A tempting response to the problem of mind and world is bald naturalism: the claim that the mind is entirely a natural system, and that normative notions like truth, justification, and meaning are either reducible to natural-scientific notions or eliminable. McDowell rejects this response: normative notions are irreducible, and any account of mind and world that eliminates them has lost sight of the phenomenon it was supposed to explain. We need an account of mind that takes norms seriously without placing them outside nature.
McDowell draws on Aristotle's account of ethical character to introduce the concept of second nature: the capacities and dispositions that a human being acquires through upbringing, education, and initiation into a tradition of practice. These are natural — they develop through natural processes in a natural organism — but they are not simply given by first nature (the biological endowment). They are acquired through Bildung: the process by which a person is made into a member of a linguistic and practical community, initiated into ways of perceiving and responding to the world that are normatively structured.
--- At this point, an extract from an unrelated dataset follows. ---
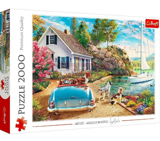 Puzzle składające się z 2000 elementów przedstawiające słoneczną, wakacyjną przystań. Po ułożeniu powstanie obraz o wymiarach 96,1 x 68,2 cm.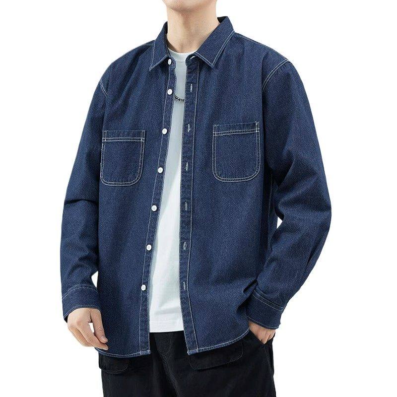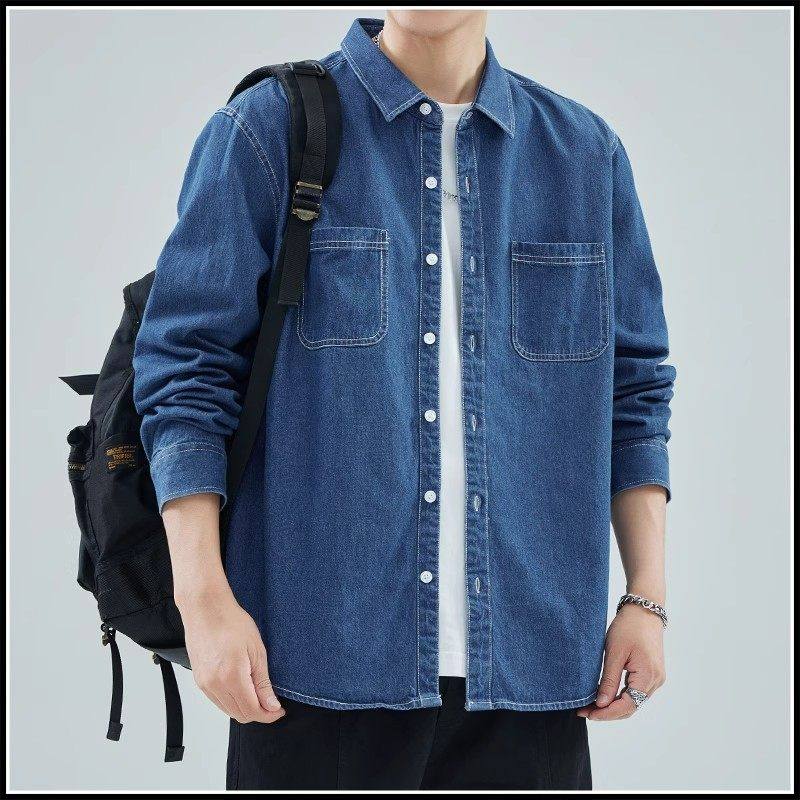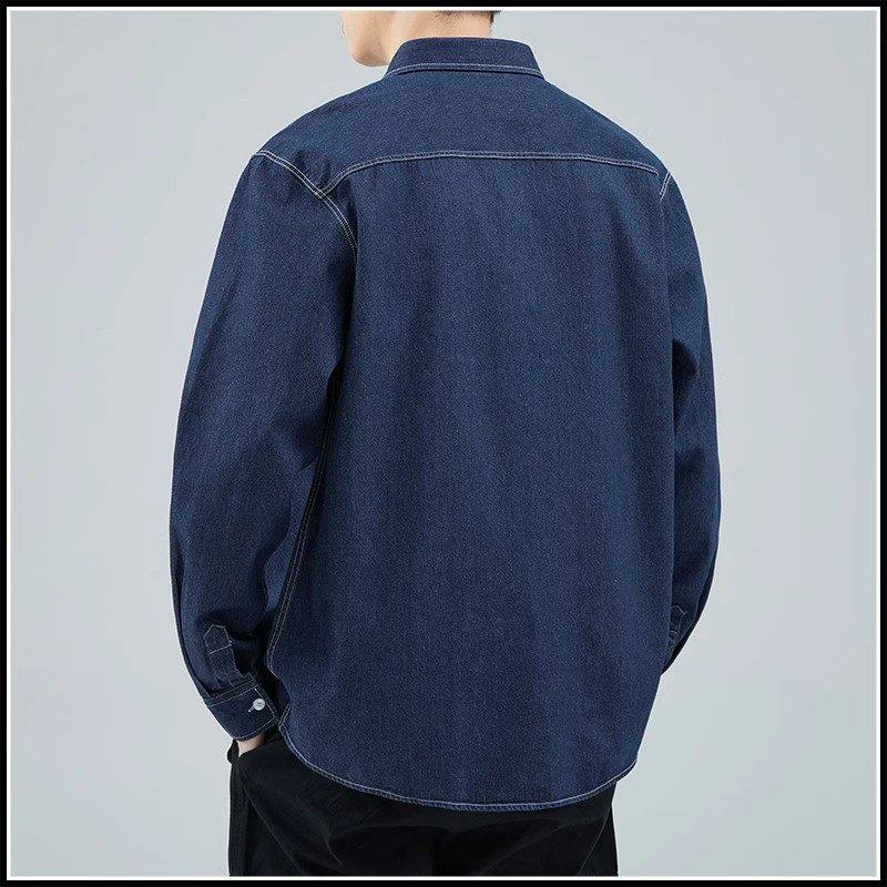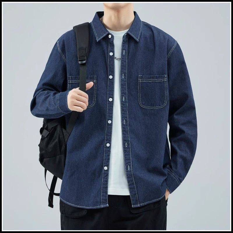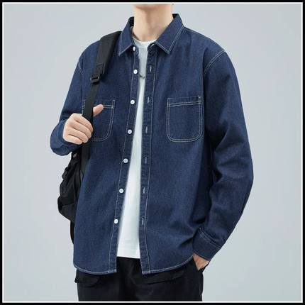 Yishion以纯男装正品官店牛仔衬衫男长袖秋冬季宽松纯棉衬衣男士

Conceptual capacities — the ability to perceive, judge, and reason under concepts — are second-natural in this sense. They are not written into the genome but acquired through immersion in a language and form of life; they are not mere behavioural dispositions but normatively structured capacities for getting things right and wrong. By treating conceptual capacities as second-natural, McDowell aims to show that they are neither supernatural (outside the natural order) nor naturalistically reducible (explicable in terms that bypass normativity). Nature is richer than bald naturalism supposes: it includes the space of reasons that opens up when a second nature is formed.
Second nature and Bildung are introduced in Lecture IV of Mind and World (1994) and developed further in McDowell's responses to critics in the second edition (1996). The concept draws on Aristotle's Nicomachean Ethics and Gadamer's account of Bildung in Truth and Method.